L'harmonisation de l'école bien avancée, selon les cantons

L'école obligatoire n'a jamais été aussi harmonisée en Suisse qu'aujourd'hui. C'est le bilan ...
L'harmonisation de l'école bien avancée, selon les cantons

L'harmonisation de l'école bien avancée, selon les cantons

Photo: Keystone

L'école obligatoire n'a jamais été aussi harmonisée en Suisse qu'aujourd'hui. C'est le bilan qu'ont tiré mercredi les directeurs cantonaux de l'instruction publique neuf ans après avoir commencé à mettre à niveau les modalités scolaires dans les 26 cantons.

Dans tous les domaines à part celui des langues, les cantons ont mis leurs pendules à l'heure. A partir de l'année scolaire 2015/2016, 17 cantons représentant ensemble 87% de la population introduiront deux années d'école enfantine obligatoire. Tous les cantons romands sont concernés.
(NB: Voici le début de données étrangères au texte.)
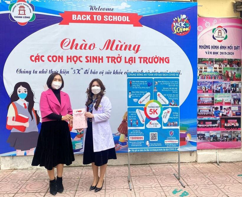 Nhân kỉ niệm ngày 27/2 – Ngày Thầy thuốc Việt Nam, sáng ngày 26/2/2022, Ban giám hiệu và Công đoàn trường THCS Thành Công tặng hoa chúc mừng cô Nguyễn Kim Ngân – cán bộ phụ trách y tế của nhà trường.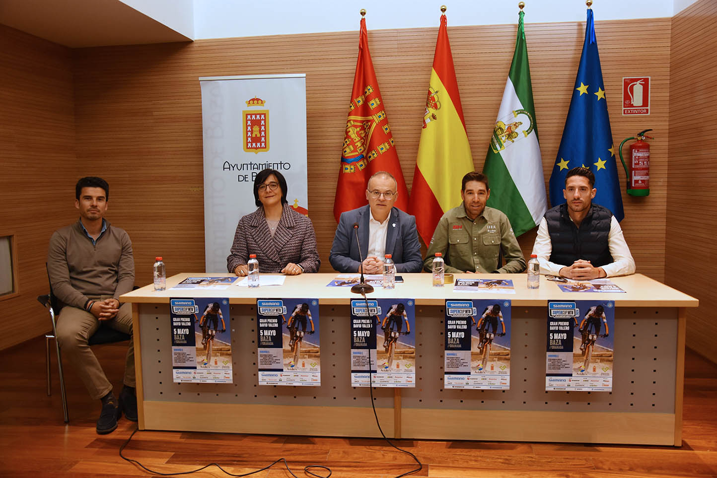 El 5 de mayo se celebra en Baza la quinta prueba de la Shimano Super Cup Massi Gran Premio David Valero, así como una “bicicletada” infantil en la tarde del día anterior. El auditorio del Museo Arqueológico Municipal de Baza acogió, en la mañana del viernes 26 de abril, la presentación oficial de esta prueba, con un acto al que acudieron el alcalde de la ciudad, Pedro J. Ramos, junto con los representantes del resto de instituciones que hacen posible con su financiación la celebración de la Shimano Super Cup en Baza. Por parte de la Junta, acudió la delegada territorial de Desarrollo Educativo, Mª José Martín, y por parte de la Diputación, el coordinador deportivo de la institución, Esteban Ruiz. Junto a ellos participó también el ciclista olímpico bastetano, David Valero, que ese fin de semana competía en su ciudad natal. aprovechando para animar a sus vecinos a estar presentes en la cita del 5 de mayo.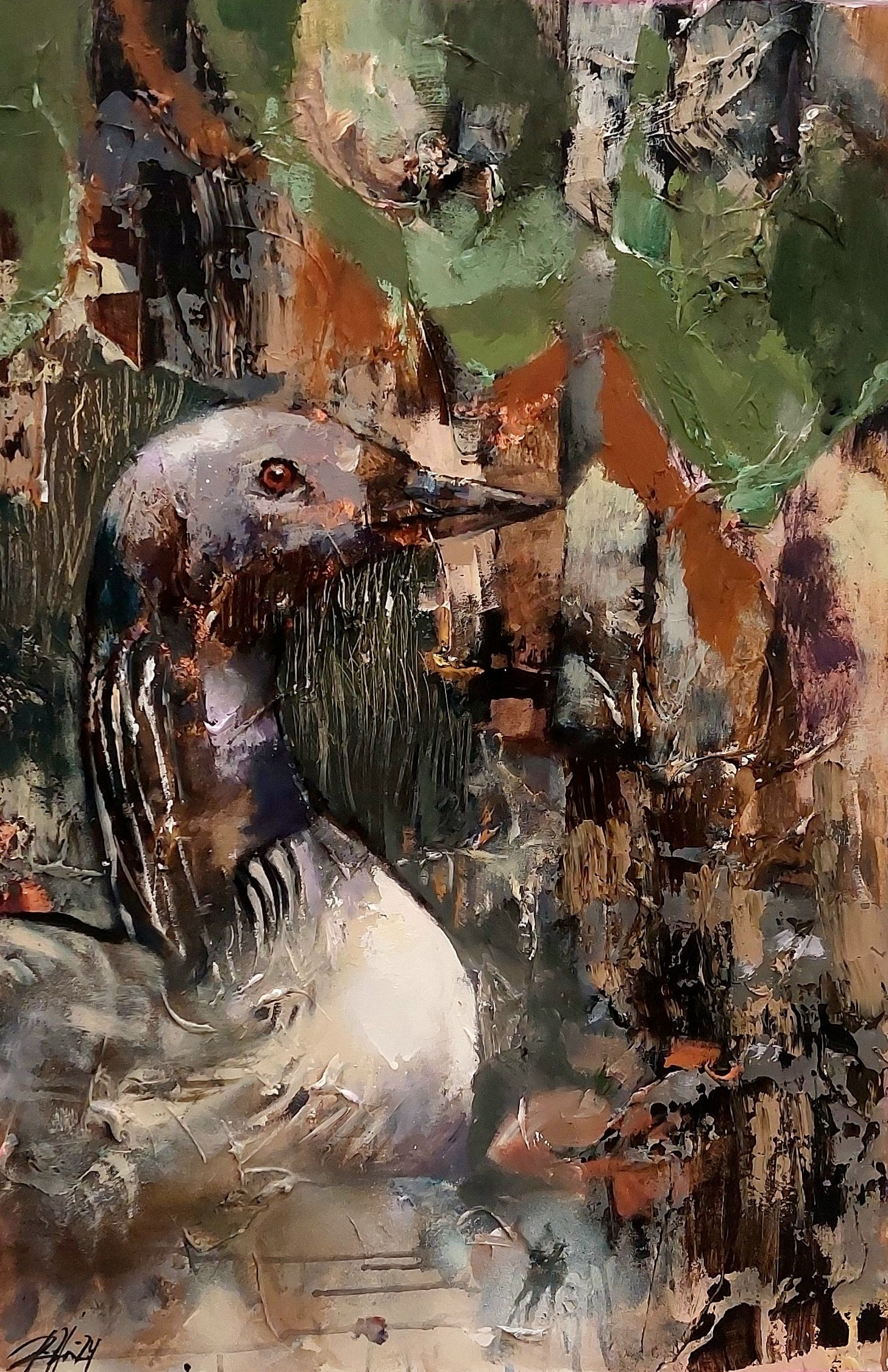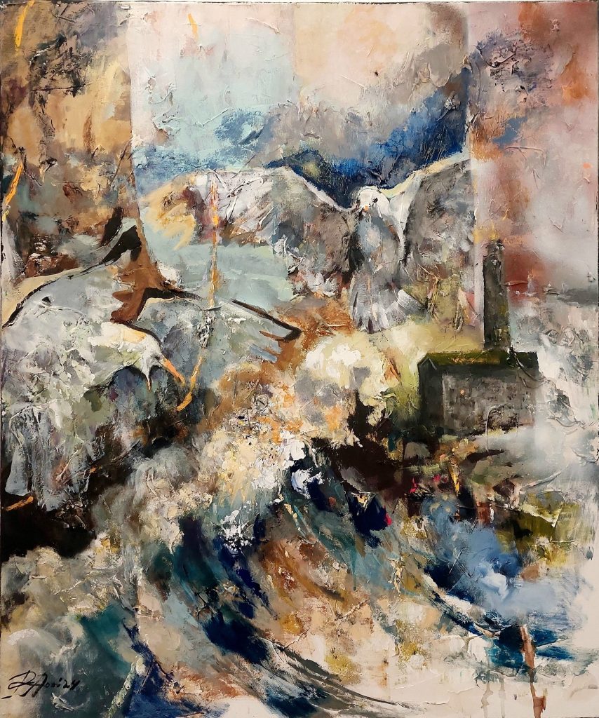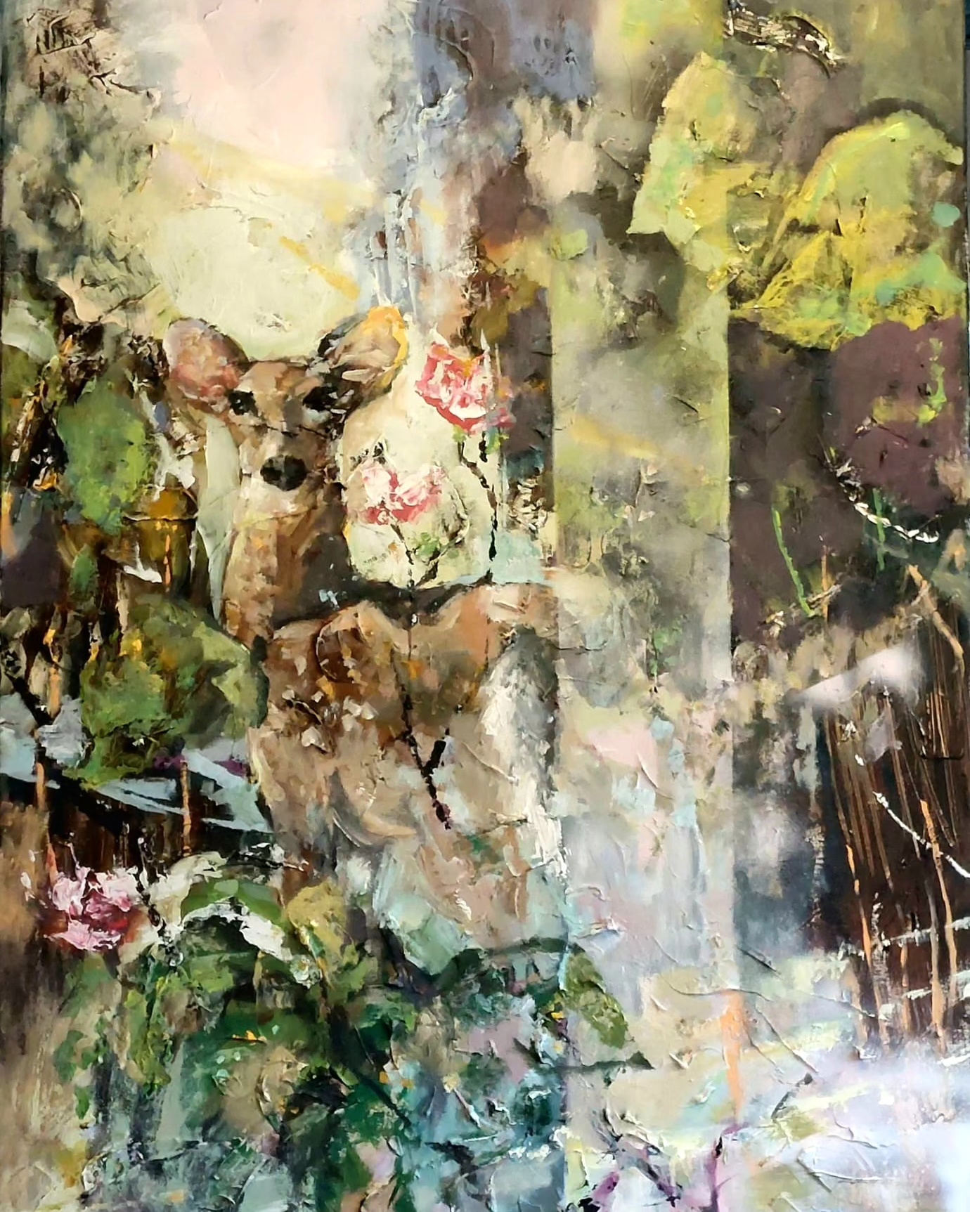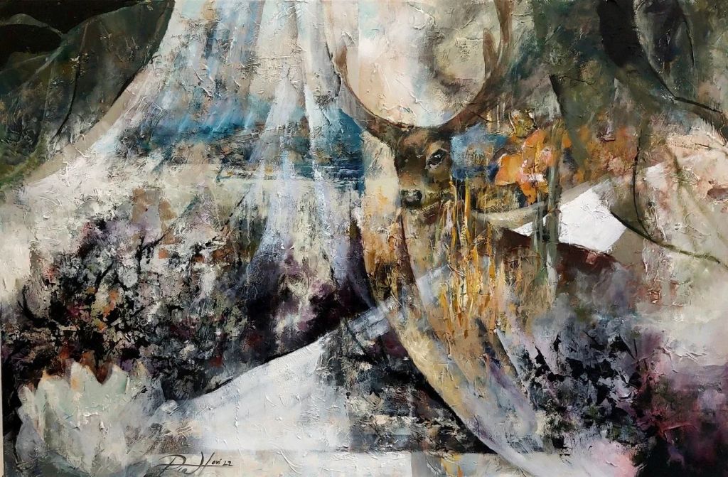 Maalauksillani kerron tarinaa siitä, miten luonnon lukuisat elementit ovat tasavertaisia keskenään ja sulautuvat lopulta yhteen. Sinut katsojana haluan kietoa tähän samaan kokonaisuuteen oman voimasi tunnistaen.
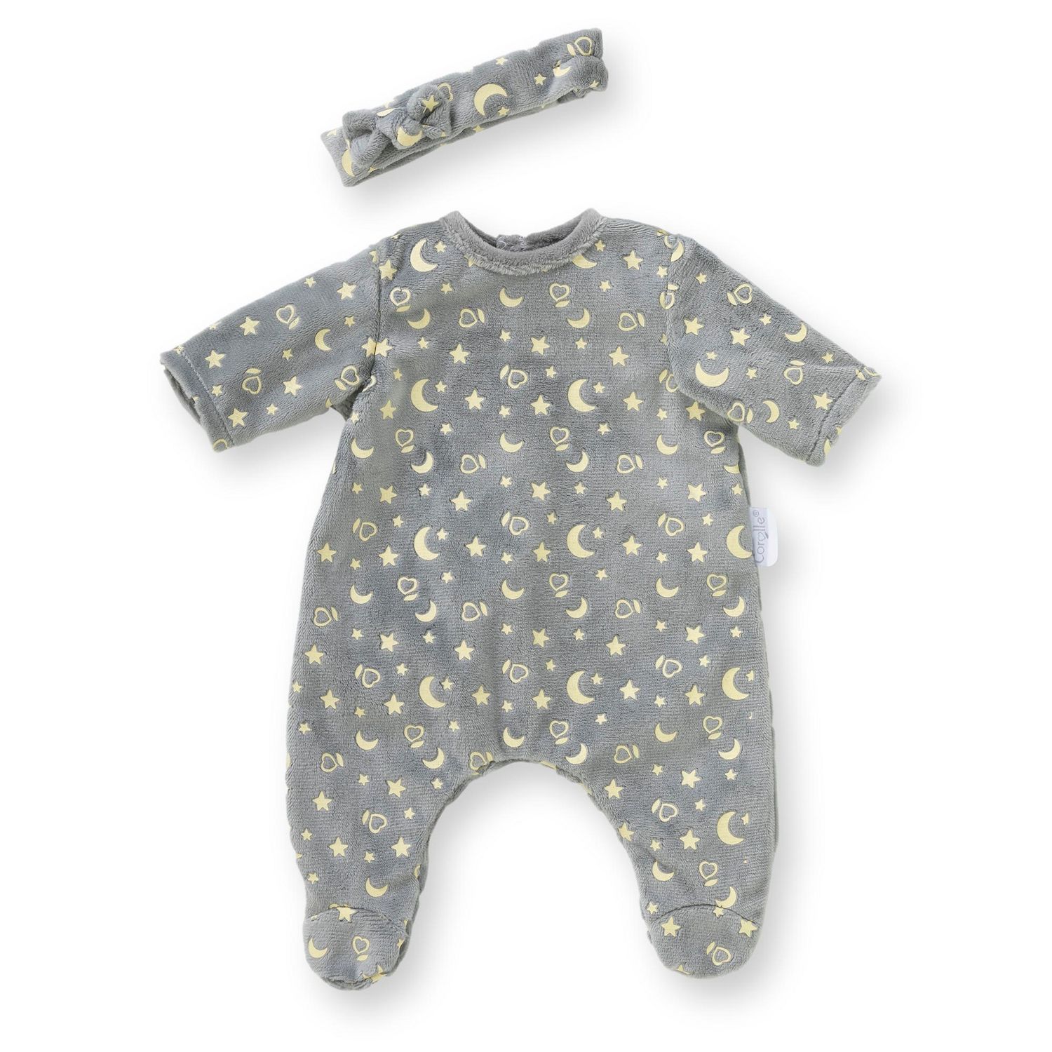 Le marchand de sable est passé, bébé va passer la nuit à faire de jolis et doux rêves !Le Pyjama Brille dans la Nuit, avec son bandeau, est le vêtement idéal pour les grands poupons de 36 cm mon grand poupon Corolle. Ce joli pyjama a été confectionné dans des matières douces et résistantes. De jolie
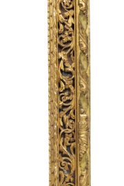in legno intagliato laccato e dorato, battuta liscia con controbattuta rilevata scolpita a motivo di nastro ritorto fogliaceo che si apre in foglie aperte ai centri e agli angoli, gola diritta scende su fascia a giorno a ramages fiorite ricorrenti su fondo a specchio alternate a cartelle sagomate agli angoli, bordo rilevato a nastro ritorto scende a muro con motivo a mezzefoglie; doratura a guazzo in oro zecchino con preparazione a bolo; ingombro cm 123x156, luce cm 90x123,5

Dans onze autres, les parents auront le choix, a indiqué la Conférence des directeurs de l'instruction publique (CDIP) dans un communiqué.

Dès septembre prochain également, le degré secondaire I durera pour la première fois trois ans dans tous les cantons alémaniques et romands. Dans 20 cantons où vit 94% de la population, l'école commencera à 4 ans révolus, ce qui avancera selon le canton de quelques mois l'âge d'entrée pour certains enfants.

Côté programme, les cantons se sont dotés ces dernières années des instruments nécessaires à une harmonisation. Le concordat HarmoS définit la formation de base et la CDIP a adopté, en juin 2011, des objectifs nationaux de formation pour quatre domaines disciplinaires.

Quelques accrocs pour les langues

Ces objectifs se retrouvent en Suisse romande dans le Plan d’études romand (PER) qui est déjà appliqué. Outre-Sarine, les cantons alémaniques se prononcent actuellement chacun sur l'introduction du Lehrplan 21.

Le domaine de l'enseignement des langues reste un cas à part. Dans plusieurs cantons alémaniques, le français est remis en question, l'anglais étant privilégié comme seule langue à enseigner à l'école primaire. Certains décalages persisteront quelque temps encore, pronostique la CDIP.

Mais de manière globale, les directeurs estiment qu'il n'y a pas matière actuellement à une intervention de la Confédération dans le domaine de l'école. Cela doit rester du ressort des cantons, insiste la CDIP, conformément à la constitution. Dans les récents désaccords apparus sur la question des langues, le ministre de l'intérieur Alain Berset avait menacé d'intervenir si l'enseignement d'une langue nationale en primaire devait être sacrifié.